Tumor necrosis factor α (TNF-α) is a cytokine that plays a fundamental regulatory role in the inflammatory response. It interacts with two different receptors, TNFR1 and TNFR2, which are expressed differently in cells and tissues, in addition to initiating distinct intracellular signaling pathways. These different signaling pathways lead to different cellular responses, such as: cell death, survival, differentiation, proliferation and migration. Endothelial cells respond to stimulation by TNF-α through pro-inflammatory changes, increasing leukocyte adhesion, transendothelial migration, increased vascular permeability, promoting thrombosis [112]. 

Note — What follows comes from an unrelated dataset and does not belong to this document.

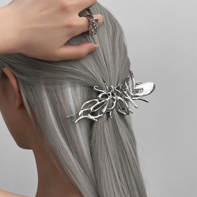 Butterfly Hair Clip Bright Silver Cross Geometric Hairpin Rose Flower Hair Claw Woman Girls Styli...
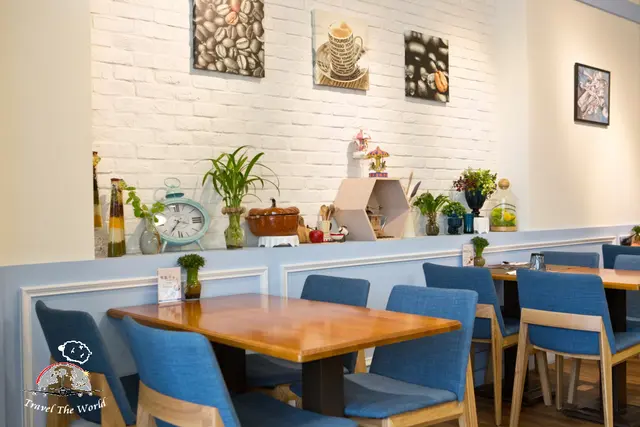 店內以藍白色系、充滿南法鄉村風情為裝潢主軸,

In this scope, and accepting that HIV infection and its treatment are associated with numerous comorbidities that lead to hypoactivity of the musculoskeletal system with decreased organic capacity and increased catabolism, the assessment of these patients' body composition, especially bone mass, could provide valuable information. Long-term clinical studies are not yet available to serve as a reliable source for establishing guidelines for approaching HIV-associated metabolic bone changes and their treatment.

Considering the involvement of HIV/AIDS infection on bone mineral metabolism, knowing the profile of markers of its metabolism and body composition in these patients before starting ART would be of great value as well as supplementation of vitamin D and calcium with the initiation of ART.